In the records below, repeat exactly the lines between the line holding "A sleek blue" and the line holding "Hooded baby towel", inclusive, and drop the pictures.

··· Study material ···

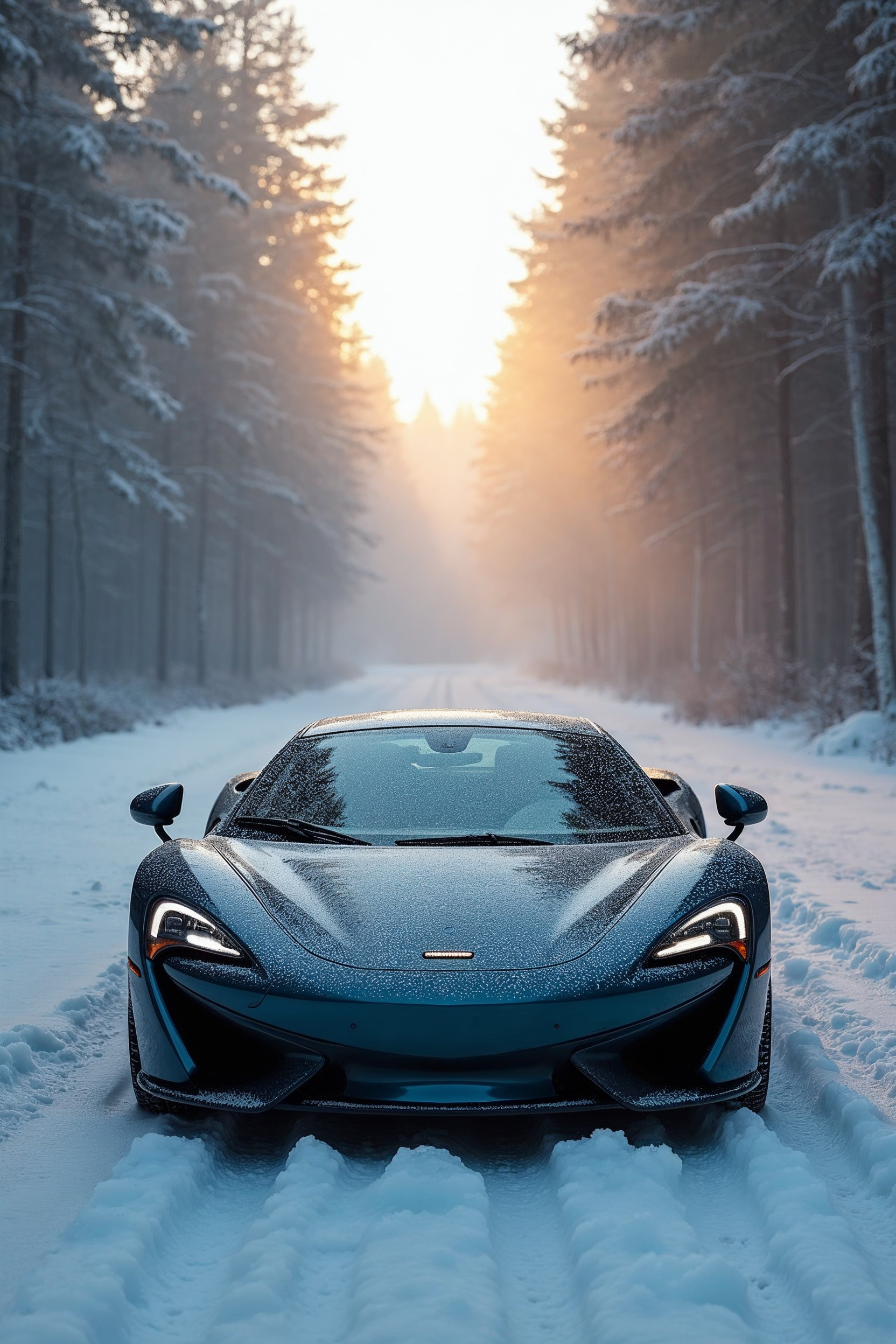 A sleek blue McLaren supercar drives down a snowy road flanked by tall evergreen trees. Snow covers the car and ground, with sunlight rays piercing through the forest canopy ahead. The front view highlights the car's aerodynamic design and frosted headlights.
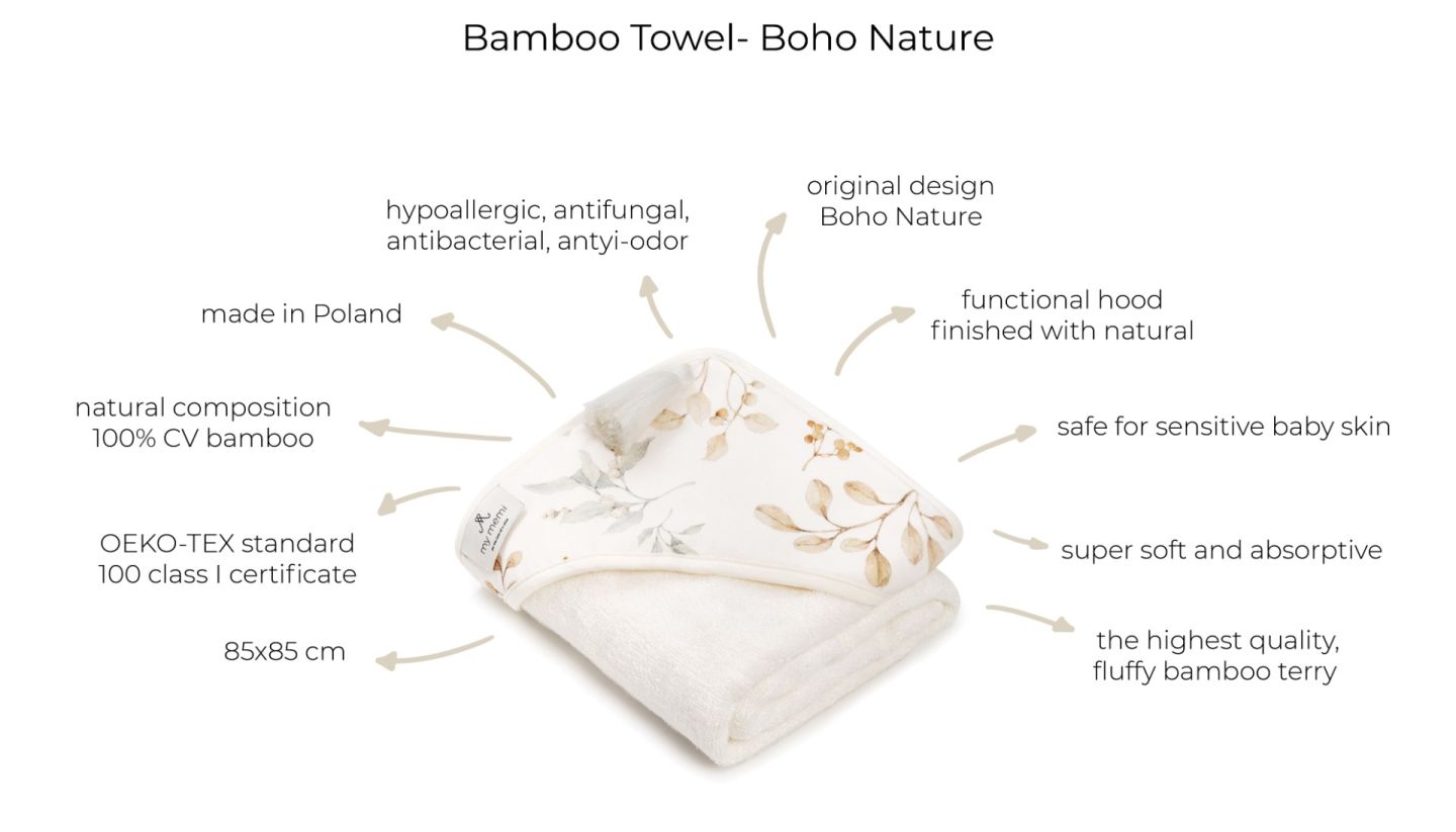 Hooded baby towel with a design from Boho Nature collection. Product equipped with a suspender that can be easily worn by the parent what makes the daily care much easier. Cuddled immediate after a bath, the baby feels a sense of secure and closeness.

···
··· Study material ···

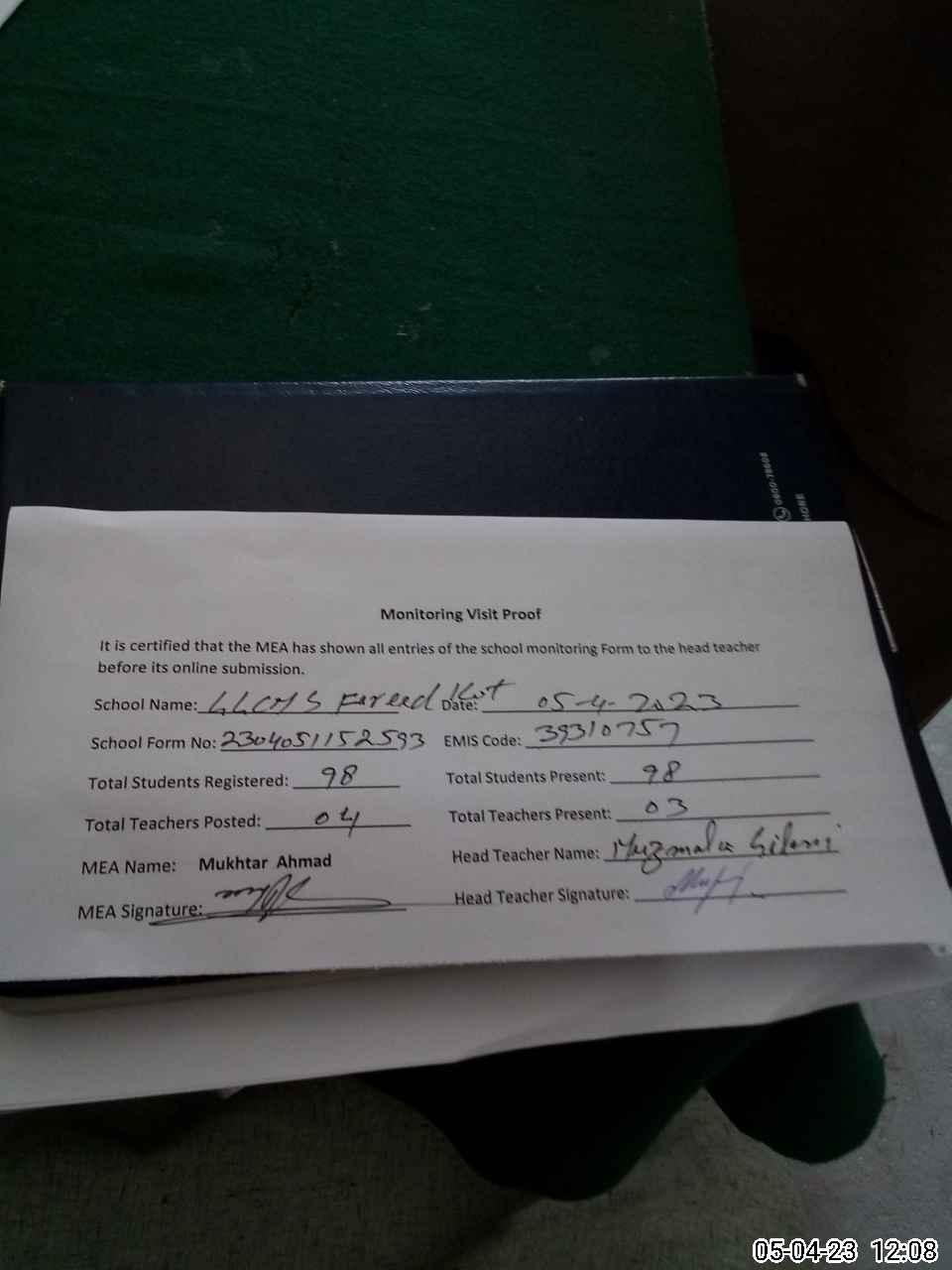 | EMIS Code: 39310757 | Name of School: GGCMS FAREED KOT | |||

···
··· Study material ···

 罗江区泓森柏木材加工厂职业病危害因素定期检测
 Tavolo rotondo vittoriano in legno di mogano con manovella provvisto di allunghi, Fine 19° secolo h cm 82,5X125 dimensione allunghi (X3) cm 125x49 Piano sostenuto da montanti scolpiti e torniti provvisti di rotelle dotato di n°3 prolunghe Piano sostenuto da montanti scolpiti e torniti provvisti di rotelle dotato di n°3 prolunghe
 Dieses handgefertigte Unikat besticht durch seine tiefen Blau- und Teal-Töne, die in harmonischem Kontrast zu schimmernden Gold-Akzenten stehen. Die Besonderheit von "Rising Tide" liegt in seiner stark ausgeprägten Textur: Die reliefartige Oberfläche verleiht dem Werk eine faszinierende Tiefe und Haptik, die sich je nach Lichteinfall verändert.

···

■ **Written response**
 A sleek blue McLaren supercar drives down a snowy road flanked by tall evergreen trees. Snow covers the car and ground, with sunlight rays piercing through the forest canopy ahead. The front view highlights the car's aerodynamic design and frosted headlights.
 Hooded baby towel with a design from Boho Nature collection. Product equipped with a suspender that can be easily worn by the parent what makes the daily care much easier. Cuddled immediate after a bath, the baby feels a sense of secure and closeness.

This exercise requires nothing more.